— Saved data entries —
----------------
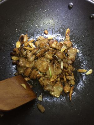 放葱姜蒜,放老抽、盐,把五花肉的油炒出来,这个时候你会发现肉特别的香,那就是孜然粉的功劳啦。
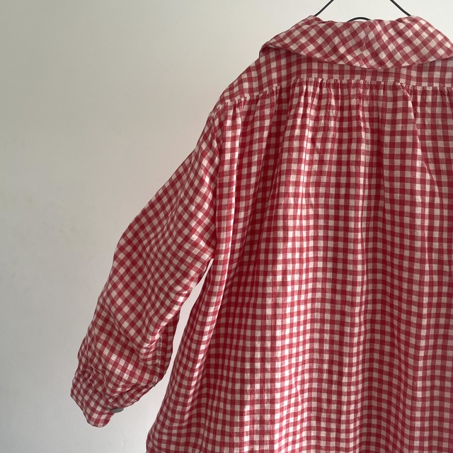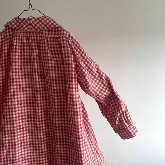 柔らかなフォルムは、袖口やヨーク周りやカフスにとられたギャザーの作り出す柔らかさ。たたみ込まれた膨らみが印象を丸くします。
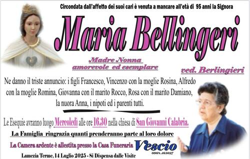 Le Esequie avranno luogo Mercoledì alle ore 16,30 nella chiesa di San Giovanni Calabria.
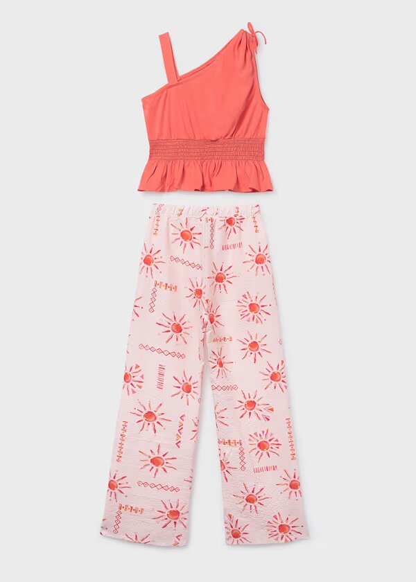 conjunto pantalón largo estampado y top liso de algodón en color coral para chica.
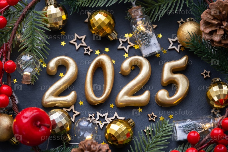 Золотые фигурки 2025 из свечей на фоне черного каменного сланца украшены праздничным декором из звезд, блесток, еловых веток, шаров и гирлянд. Открытка с Новым годом
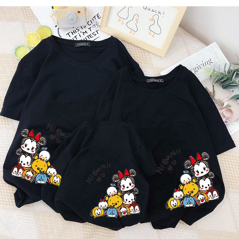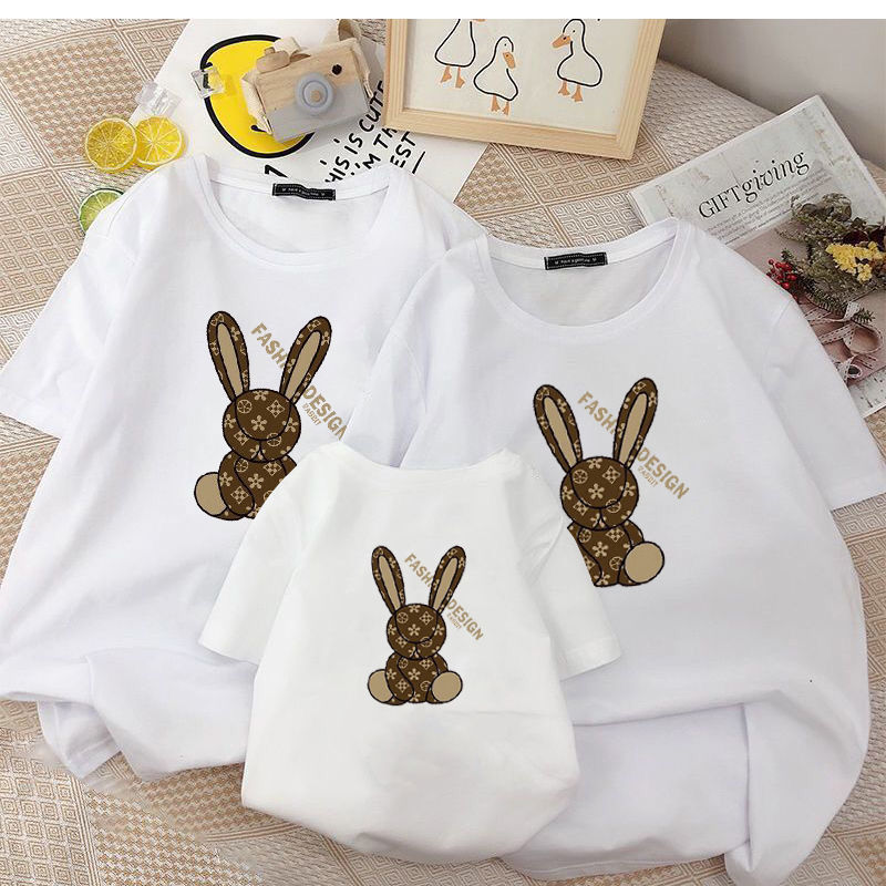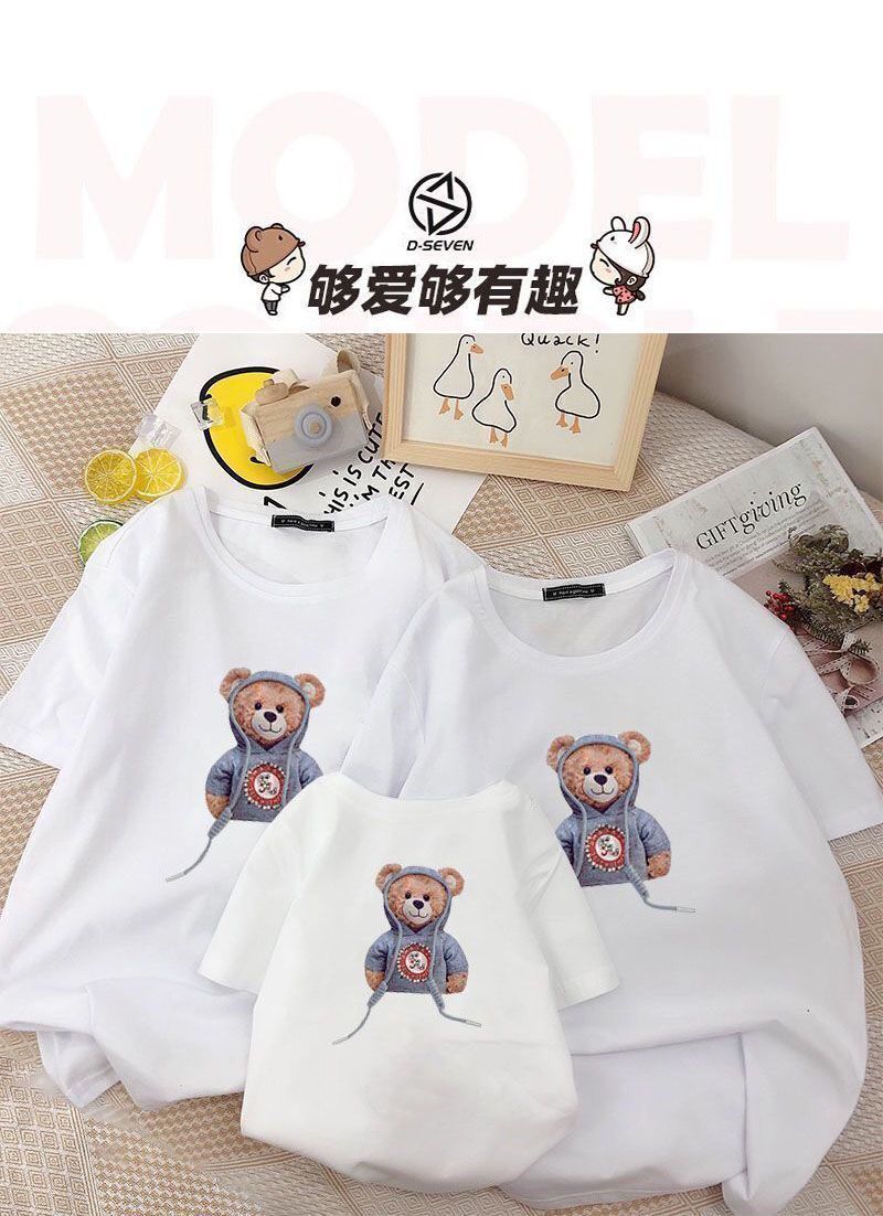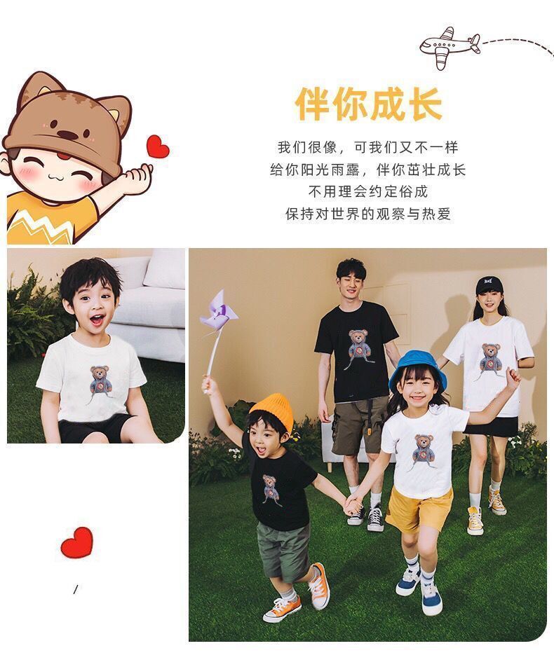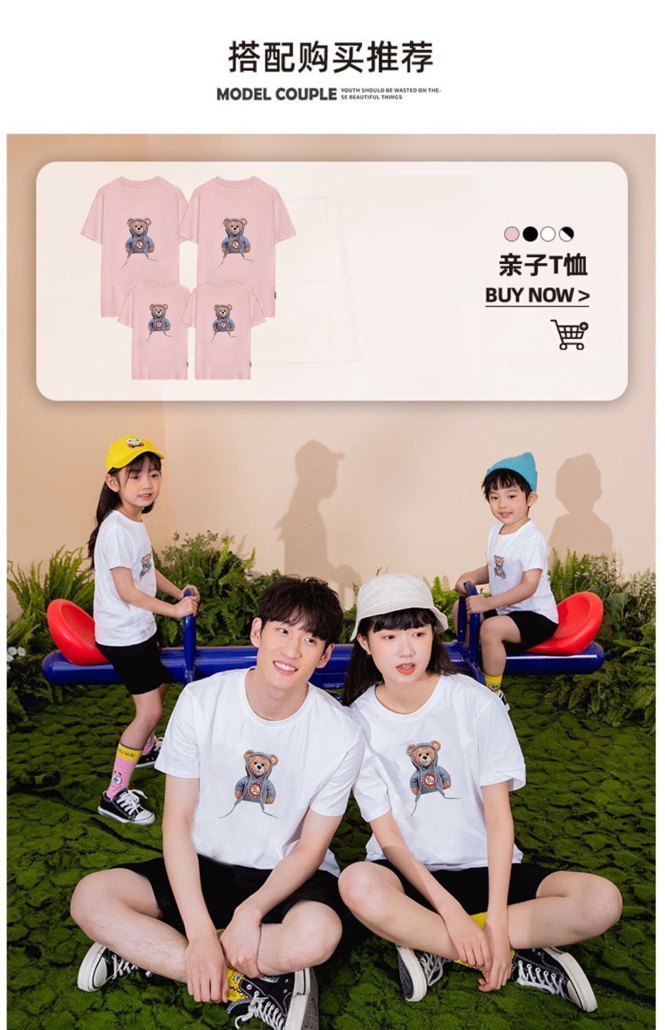 黛唯梵100%纯棉亲子装一家三口四口夏季卡通圆领母女装全家装洋气t恤潮国庆清明出游
----------------
— EXERCISE GOAL —
In the copy, include no pictures; otherwise transcribe the entries exactly.

— RESULT OF THE EXERCISE —
 放葱姜蒜,放老抽、盐,把五花肉的油炒出来,这个时候你会发现肉特别的香,那就是孜然粉的功劳啦。
 柔らかなフォルムは、袖口やヨーク周りやカフスにとられたギャザーの作り出す柔らかさ。たたみ込まれた膨らみが印象を丸くします。
 Le Esequie avranno luogo Mercoledì alle ore 16,30 nella chiesa di San Giovanni Calabria.
 conjunto pantalón largo estampado y top liso de algodón en color coral para chica.
 Золотые фигурки 2025 из свечей на фоне черного каменного сланца украшены праздничным декором из звезд, блесток, еловых веток, шаров и гирлянд. Открытка с Новым годом
 黛唯梵100%纯棉亲子装一家三口四口夏季卡通圆领母女装全家装洋气t恤潮国庆清明出游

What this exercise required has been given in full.